In recent years it has focused on political demands shared by most opposition groups, playing down a conservative social agenda which some Egyptians would find irksome.
"A conservative social agenda which some Egyptians would find irksome":
Having said this, I should stress here that Muslim jurists have held differing opinions concerning the punishment for this abominable practice [homosexuality]. Should it be the same as the punishment for fornication, or should both the active and passive participants be put to death? While such punishments may seem cruel, they have been suggested to maintain the purity of the Islamic society and to keep it clean of perverted elements.
Sounds like the Amish, no?

Reuters fabricates history to protect the Muslim Brotherhood

Yesterday, we noted that Reuters has a tradition of publishing stories which fawn over former IAEA Chief Mohamed ElBaradei and seek to conceal the true nature and agenda of the Islamist Muslim Brotherhood.  We also wondered whether this pattern would continue should Elbaradei and the Brotherhood come to power in Egypt.

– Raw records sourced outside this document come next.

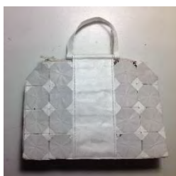
Gambar 6. Studi Model Alternatif 6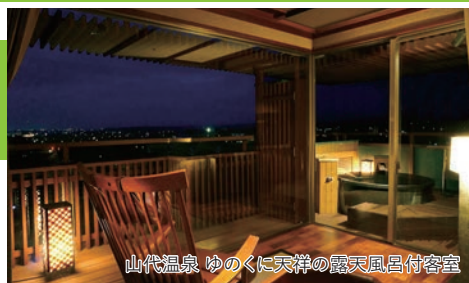
山代温泉 ゆのくに天祥の露天風呂付客室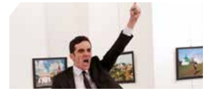
"World Press Photo"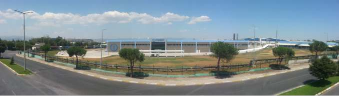
Sipil A.Ş. tarafından anahtar teslimi olarak gerçekleştirilen Indesit Company Çamaşır Makinesi Fabrikası yaklaşık 35 bin m 2 kapalı alandan oluşuyor ve MOSB 2. kısımda yer alıyor.

Türkiye'de Hotpoint ve Indesit markalarıyla beyaz eşya ve küçük ev aletleri sektöründe faaliyet gösteren Indesit Grubu, Türkiye'deki faaliyetlerine 1994 yılında MOSB'deki 100 bin adet üretim kapasiteli soğutucu fabrikasını satın alarak başlamıştır. 20 yılda yapılan yatırımlarla üretim kapasitesini 1 milyon 500 bin adede ulaştıran Indesit Company Manisa Soğutucu Fabrikası, üretimin yüzde 80'ini Avrupa, Ortadoğu ve Orta Asya'ya ihraç eder durumdadır. Soğutucu üretiminin yanında Indesit Manisa'da kurulu olduğu alan içinde yaklaşık 55 bin m 2 alan içinde 35 bin m 2 kapalı alandan oluşan çamaşır makinesi fabrikası yatırımı ise yaklaşık 35 milyon Euro yatırım bedeli ile tamamlanmıştır. Böylece Indesit, Manisa'da soğutucu fabrikası, lojistik deposu ve çamaşır makinesi fabrikası ile toplamda 124 bin m 2 kapalı alanda faaliyet gösteriyor olacaktır. Dünya üzerinde sekiz sanayi merkezinde (İtalya, Polonya, İngiltere, Rusya ve Türkiye) üretimine devam eden Indesit Company, Indesit Hotpoint ve SCHOLTES markalarıyla sektördeki haklı yerini korumaktadır. Dünya genelinde 16 bin çalışanı ile hizmet veren şirket her geçen gün büyüme hızını artırmaya devam etmektedir.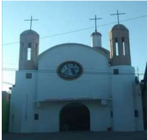
Imagen 28: Parte exterior de la iglesia Católica San Pablo y San Pedro Riva Palacio, Michoacán, Trabajo de Campo, septiembre, 2015.

La iglesia cristiana EBEN EZER, el templo del salón del reino de los Testigos de Jehová, la iglesia denominada Luz del Mundo y el Templo Cristiano de Jesús,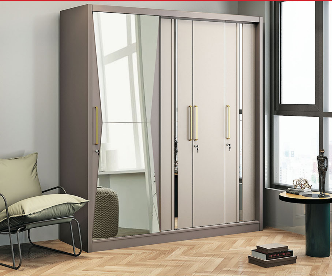
LP VOLARE 4D SS lemari pakaian Pintu sliding dan swing P.200 X L.60 X T.220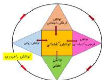
شکل ۱. مدل اصلاحی توانش ارتباطی سلسه-مورسیا

سلسه-مورسیا، دورنیه و ترل ۱ در ۱۹۹۵ برای طراح برنامه درسی ارتباط‌محور، مدلی پیشنهاد کردند که هدفش آموزشی کاربردی و پاسخ به نیاز به مدلی جامع و در برگیرنده تمامی ویژگی‌های توانش ارتباطی بود (سلسه-مورسیا، ۲۰۰۷). سلسه مورسیا که در سال ۲۰۰۵ مدل اصلاح شده‌ای ارائه کرد (شکل ۱) این بار تأکید اصلی‌اش بر نقش گفتمان و بافت بود و توانش ارتباطی را متشکل از شش نوع توانش گفتمانی، اجتماعی فرهنگی، کلیشه‌ای، تعاملی، زبانی و راهبردی می‌دانست. این مدل‌ها علی‌رغم جامع تر بودن از مدل‌های پیشین چندان مورد توجه قرار نگرفتند.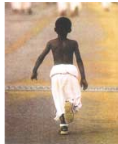
SOPRA: pellegrini in preghiera nella Moschea di Makkah. CENTRO: Tende per i pellegrini. IN BASSO: Un bambino con indosso l'irham (veste composta da due pezzi di stoffa di cotone bianco) segue i pellegrini durante l'Hajj.

e Marwa, come fece Hagar, moglie di Abramo, mentre era alla ricerca dell'acqua per suo figlio Ismaele. Poi i pellegrini si raccolgono nell'ampia spianata di Arafat e si uniscono in preghiera per impetrare il perdono divino, cosa che viene spesso vista come anticipazione del Giudizio Universale. Nei secoli passati, compiere l' Hajj era un'impresa veramente ardua.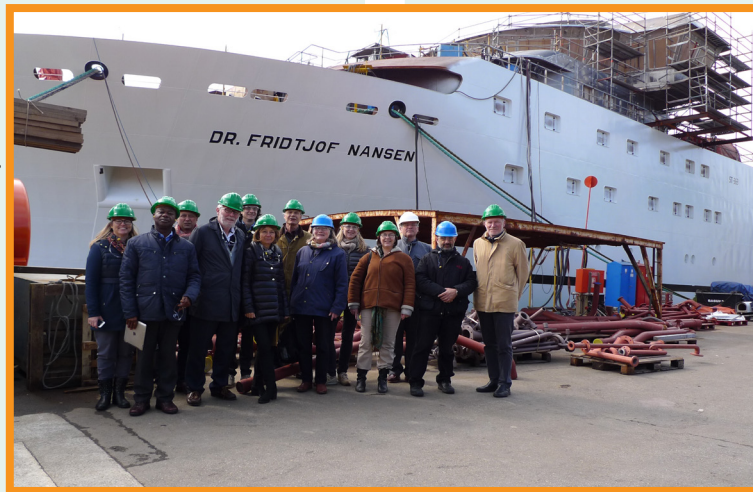
Norad, FAO and IMR staff during the visit to the Shipyard at Castropol, Spain Le personnel Norad, FAO et IMR au cours de la visite au chantier naval à Castropol, Espagne

The first quarter of 2016 saw major activities in the EAF-Nansen Project. In this issue of the e-Approach we would like to share with you news from some of the activities involving research, management and capacity development. Under the component involving the use of the research vessel Dr Fridtjof Nansen , two important post-survey meetings were held one of which saw the participation of a sector Minister and a Norwegian Ambassador. That event offered an excellent opportunity to demonstrate the direct and immediate link between research vessel surveys, policy and management of fishery resources. Related to this is the initiative to document and showcase the scientific contribution that the Nansen surveys have made over the years in the western Indian Ocean area (east coast of Africa). Under the policy and management component of the project, the Republic of Congo and the Democratic Republic of the Congo joined the cluster of countries in eastern part of the Gulf of Guinea that have been working together for a better management of the shrimp resources in the area. The Focal points of the EAF-Nansen Project in Cameroon and Gabon have been assisting the two countries. Clearly, these activities have brought the EAF-Nansen Project into the limelight as this phase of the project gradually comes to an end.

We won't have to wait that long for an answer.  In a story on Israeli concerns over the Obama administration's apparent willingness to sacrifice its 30-year relationship with President Hosni Mubarak due to the unrest in Egypt, Reuters correspondent Douglas Hamilton literally invents history to absolve the Muslim Brotherhood of its record of ultra-violence:
Egypt, Israel's most powerful neighbor, was the first Arab country to make peace with the Jewish state, in 1979. Egyptian President Anwar Sadat, who signed the treaty, was assassinated two years later by an Egyptian fanatic.
It took another 13 years before King Hussein of Jordan broke Arab ranks to made a second peace with the Israelis. That treaty was signed by Israeli Prime Minister Yitzhak Rabin, who was assassinated one year later, in 1995, by an Israeli fanatic.
Anwar Sadat was assassinated not by a lone and nebulous "fanatic" but by a team of Egyptian military personnel associated with the Muslim Brotherhood:
The attackers included four enlisted men, an army major and a lieutenant. The major and two enlisted men were killed in the swarm around the reviewing stand, once other members of the military realized what was taking place. The rest were arrested. The attackers would eventually come to be identified as Islamist nationalists associated with the Muslim Brotherhood under the name of Islamic Jihad.
The group was subsequently found to have hatched the assassination plot with Al Gamaa al-Islamiyya, a Brotherhood offshoot that would, in the mid-1990s, develop ties with al-Qaeda and be chiefly responsible for the 1997 terrorist attack in Luxor on Nov. 17, 1997, when six men dressed in black attacked tourists visiting the famous site in Upper Egypt. Sixty-two men, women and children were killed.
So the Brotherhood group which organized the Sadat assassination was also linked to al-Qaeda and responsible for the subsequent terrorist attack in Luxor Egypt which killed sixty-two tourists.

A history Douglas Hamilton and Reuters would apparently much rather we forget.